• TASK DIRECTIONS
Retype the whole listing verbatim and keep the pictures out of it.

BEGIN

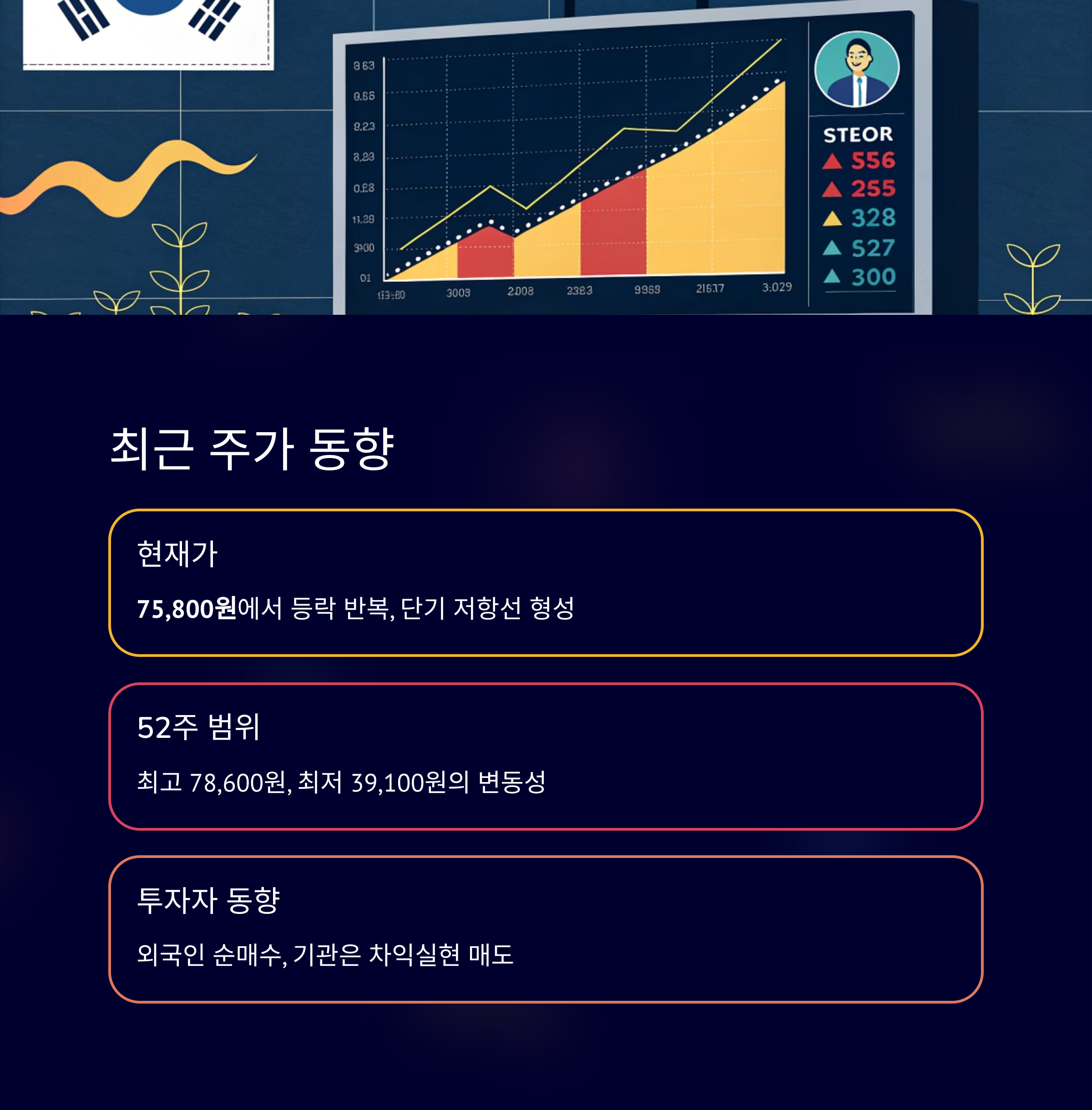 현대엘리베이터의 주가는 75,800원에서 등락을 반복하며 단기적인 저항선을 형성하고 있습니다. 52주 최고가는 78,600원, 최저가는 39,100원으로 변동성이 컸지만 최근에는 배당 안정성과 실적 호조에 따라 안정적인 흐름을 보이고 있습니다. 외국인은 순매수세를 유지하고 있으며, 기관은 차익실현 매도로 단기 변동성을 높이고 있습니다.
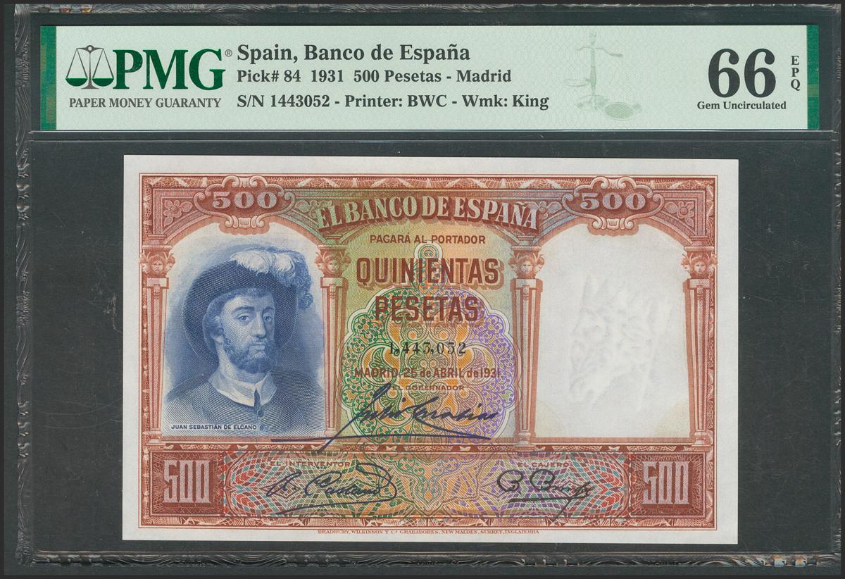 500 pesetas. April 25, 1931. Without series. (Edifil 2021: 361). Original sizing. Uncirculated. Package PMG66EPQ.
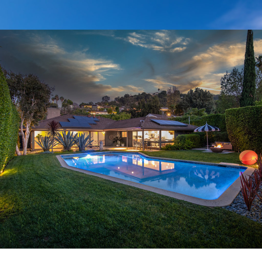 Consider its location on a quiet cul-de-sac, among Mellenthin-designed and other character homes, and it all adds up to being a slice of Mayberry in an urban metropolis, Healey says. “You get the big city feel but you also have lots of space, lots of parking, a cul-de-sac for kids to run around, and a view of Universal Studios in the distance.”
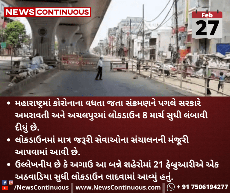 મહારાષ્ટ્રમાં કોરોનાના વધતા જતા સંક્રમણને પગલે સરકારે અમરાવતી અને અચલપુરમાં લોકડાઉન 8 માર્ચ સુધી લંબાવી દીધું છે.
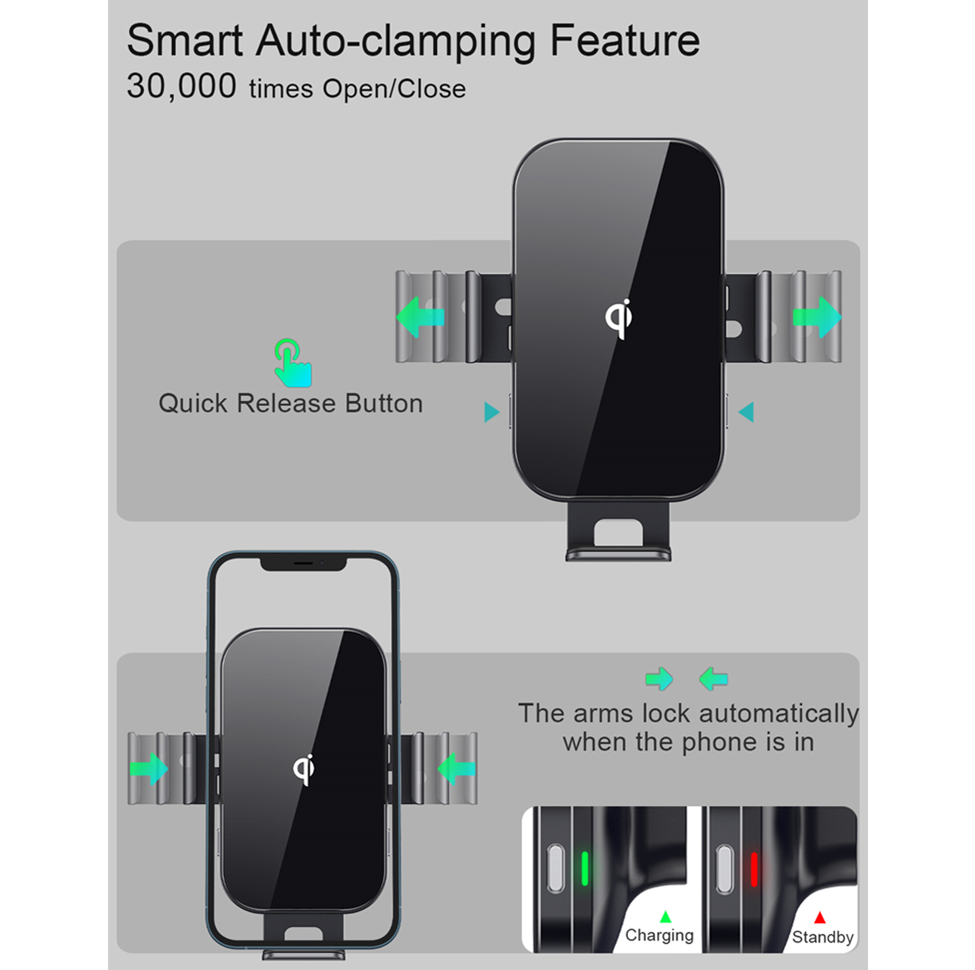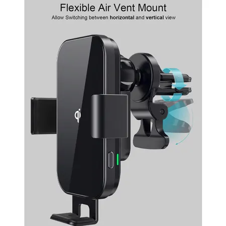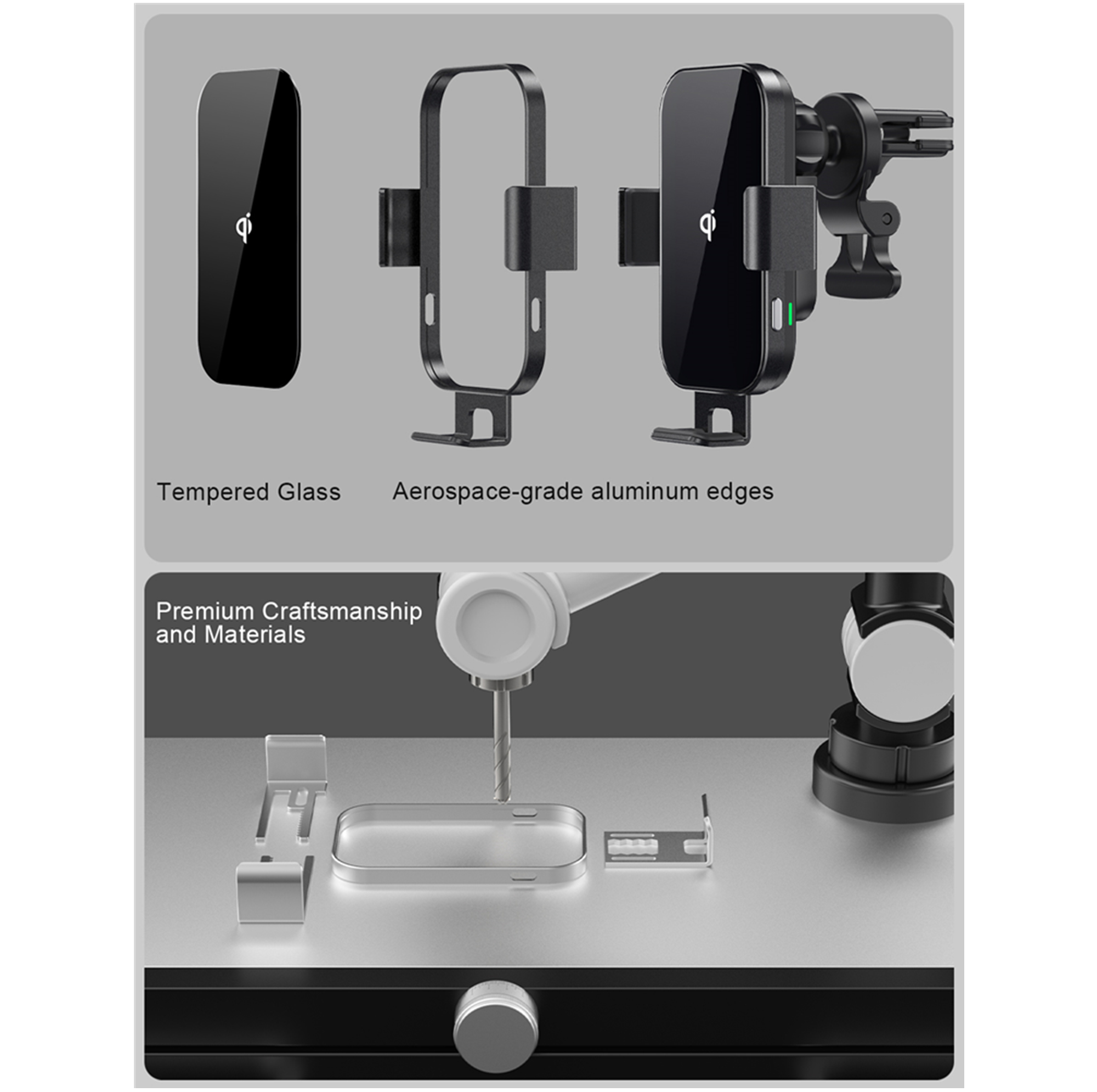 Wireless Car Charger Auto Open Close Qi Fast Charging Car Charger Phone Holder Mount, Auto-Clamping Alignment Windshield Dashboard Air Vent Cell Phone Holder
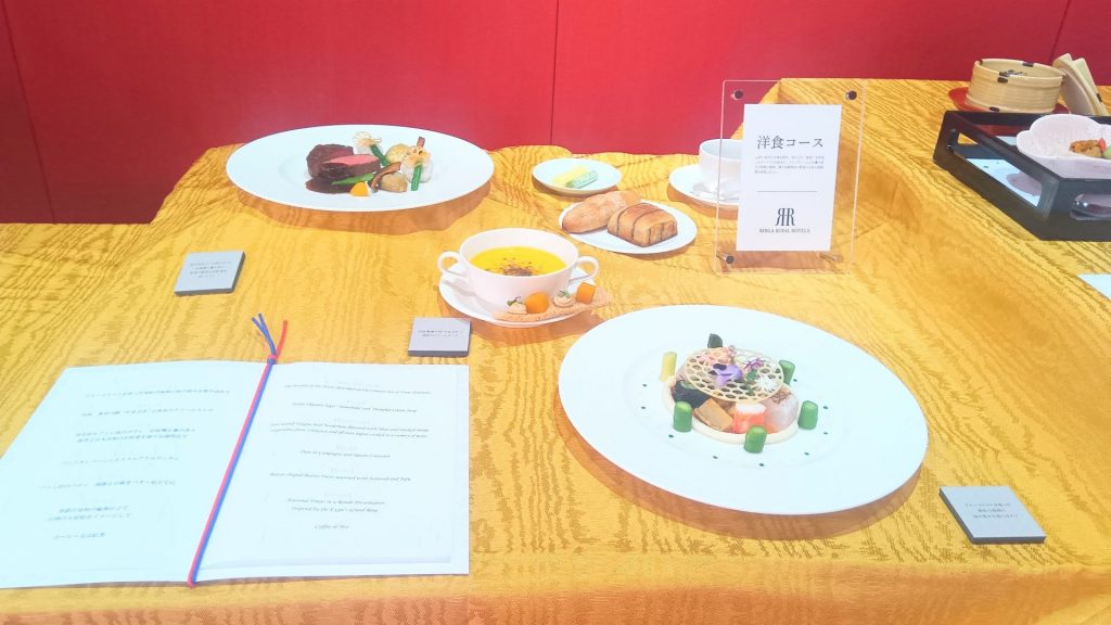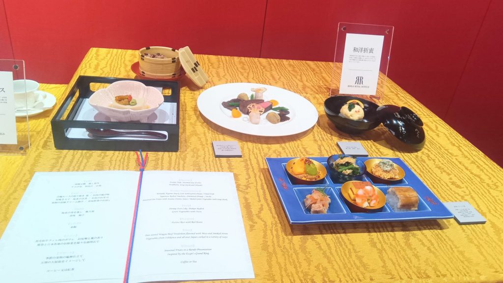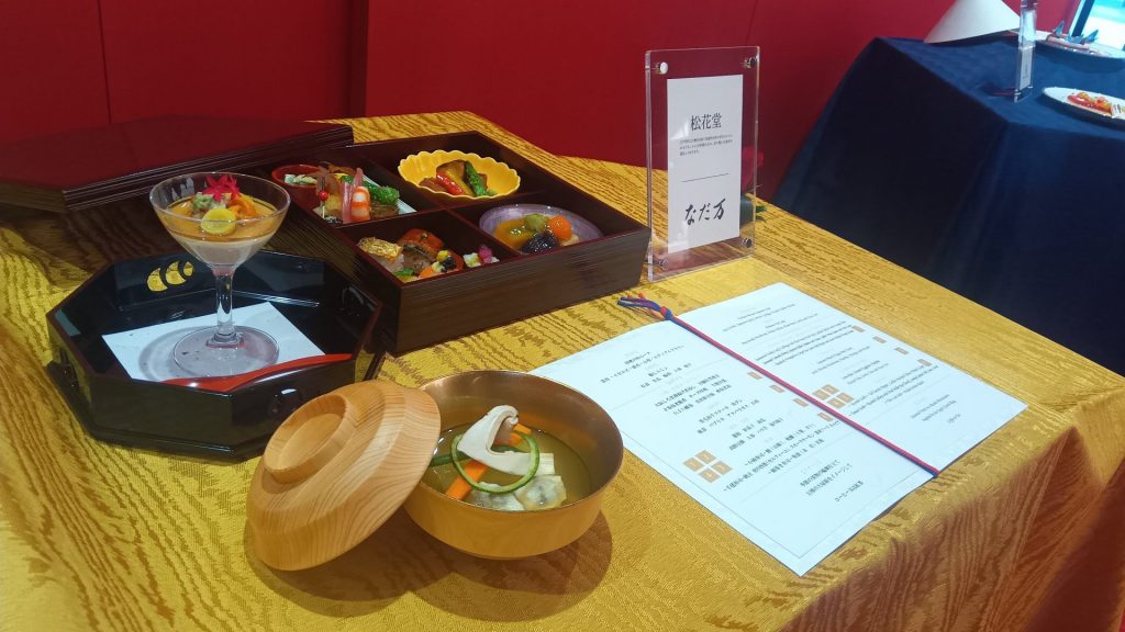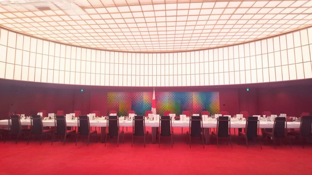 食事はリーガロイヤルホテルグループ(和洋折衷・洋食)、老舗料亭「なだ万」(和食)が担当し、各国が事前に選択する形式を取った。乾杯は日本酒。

END

• YOUR RESPONSE
 현대엘리베이터의 주가는 75,800원에서 등락을 반복하며 단기적인 저항선을 형성하고 있습니다. 52주 최고가는 78,600원, 최저가는 39,100원으로 변동성이 컸지만 최근에는 배당 안정성과 실적 호조에 따라 안정적인 흐름을 보이고 있습니다. 외국인은 순매수세를 유지하고 있으며, 기관은 차익실현 매도로 단기 변동성을 높이고 있습니다.
 500 pesetas. April 25, 1931. Without series. (Edifil 2021: 361). Original sizing. Uncirculated. Package PMG66EPQ.
 Consider its location on a quiet cul-de-sac, among Mellenthin-designed and other character homes, and it all adds up to being a slice of Mayberry in an urban metropolis, Healey says. “You get the big city feel but you also have lots of space, lots of parking, a cul-de-sac for kids to run around, and a view of Universal Studios in the distance.”
 મહારાષ્ટ્રમાં કોરોનાના વધતા જતા સંક્રમણને પગલે સરકારે અમરાવતી અને અચલપુરમાં લોકડાઉન 8 માર્ચ સુધી લંબાવી દીધું છે.
 Wireless Car Charger Auto Open Close Qi Fast Charging Car Charger Phone Holder Mount, Auto-Clamping Alignment Windshield Dashboard Air Vent Cell Phone Holder
 食事はリーガロイヤルホテルグループ(和洋折衷・洋食)、老舗料亭「なだ万」(和食)が担当し、各国が事前に選択する形式を取った。乾杯は日本酒。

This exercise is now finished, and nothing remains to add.